_Task brief_
Give back every record that follows, exactly as written.

Source material: Begin

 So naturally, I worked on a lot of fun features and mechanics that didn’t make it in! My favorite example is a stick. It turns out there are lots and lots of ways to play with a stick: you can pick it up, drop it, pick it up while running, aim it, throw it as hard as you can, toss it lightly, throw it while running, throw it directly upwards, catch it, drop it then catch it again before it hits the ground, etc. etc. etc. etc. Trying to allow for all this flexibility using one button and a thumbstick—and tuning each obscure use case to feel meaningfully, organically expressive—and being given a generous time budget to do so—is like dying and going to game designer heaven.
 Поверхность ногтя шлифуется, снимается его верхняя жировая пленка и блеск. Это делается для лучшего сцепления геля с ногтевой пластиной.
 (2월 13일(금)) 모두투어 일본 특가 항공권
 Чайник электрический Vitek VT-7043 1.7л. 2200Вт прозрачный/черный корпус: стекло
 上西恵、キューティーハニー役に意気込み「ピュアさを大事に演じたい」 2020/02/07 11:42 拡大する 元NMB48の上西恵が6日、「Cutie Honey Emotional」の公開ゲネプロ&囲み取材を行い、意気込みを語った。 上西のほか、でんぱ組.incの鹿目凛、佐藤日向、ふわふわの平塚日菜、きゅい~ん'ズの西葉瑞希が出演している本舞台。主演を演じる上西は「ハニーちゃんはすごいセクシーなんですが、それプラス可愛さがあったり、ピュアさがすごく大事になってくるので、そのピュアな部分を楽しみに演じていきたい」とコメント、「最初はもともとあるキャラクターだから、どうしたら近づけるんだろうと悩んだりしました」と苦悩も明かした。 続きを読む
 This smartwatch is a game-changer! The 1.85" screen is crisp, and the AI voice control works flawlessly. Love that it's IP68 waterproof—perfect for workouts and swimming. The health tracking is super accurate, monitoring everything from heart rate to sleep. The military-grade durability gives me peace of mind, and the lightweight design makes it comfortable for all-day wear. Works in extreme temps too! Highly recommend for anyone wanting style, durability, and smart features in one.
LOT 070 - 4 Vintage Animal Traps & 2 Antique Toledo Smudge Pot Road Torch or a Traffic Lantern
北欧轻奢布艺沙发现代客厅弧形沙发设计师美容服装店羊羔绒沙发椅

Source material: End

_The completed task_
 So naturally, I worked on a lot of fun features and mechanics that didn’t make it in! My favorite example is a stick. It turns out there are lots and lots of ways to play with a stick: you can pick it up, drop it, pick it up while running, aim it, throw it as hard as you can, toss it lightly, throw it while running, throw it directly upwards, catch it, drop it then catch it again before it hits the ground, etc. etc. etc. etc. Trying to allow for all this flexibility using one button and a thumbstick—and tuning each obscure use case to feel meaningfully, organically expressive—and being given a generous time budget to do so—is like dying and going to game designer heaven.
 Поверхность ногтя шлифуется, снимается его верхняя жировая пленка и блеск. Это делается для лучшего сцепления геля с ногтевой пластиной.
 (2월 13일(금)) 모두투어 일본 특가 항공권
 Чайник электрический Vitek VT-7043 1.7л. 2200Вт прозрачный/черный корпус: стекло
 上西恵、キューティーハニー役に意気込み「ピュアさを大事に演じたい」 2020/02/07 11:42 拡大する 元NMB48の上西恵が6日、「Cutie Honey Emotional」の公開ゲネプロ&囲み取材を行い、意気込みを語った。 上西のほか、でんぱ組.incの鹿目凛、佐藤日向、ふわふわの平塚日菜、きゅい~ん'ズの西葉瑞希が出演している本舞台。主演を演じる上西は「ハニーちゃんはすごいセクシーなんですが、それプラス可愛さがあったり、ピュアさがすごく大事になってくるので、そのピュアな部分を楽しみに演じていきたい」とコメント、「最初はもともとあるキャラクターだから、どうしたら近づけるんだろうと悩んだりしました」と苦悩も明かした。 続きを読む
 This smartwatch is a game-changer! The 1.85" screen is crisp, and the AI voice control works flawlessly. Love that it's IP68 waterproof—perfect for workouts and swimming. The health tracking is super accurate, monitoring everything from heart rate to sleep. The military-grade durability gives me peace of mind, and the lightweight design makes it comfortable for all-day wear. Works in extreme temps too! Highly recommend for anyone wanting style, durability, and smart features in one.
LOT 070 - 4 Vintage Animal Traps & 2 Antique Toledo Smudge Pot Road Torch or a Traffic Lantern
北欧轻奢布艺沙发现代客厅弧形沙发设计师美容服装店羊羔绒沙发椅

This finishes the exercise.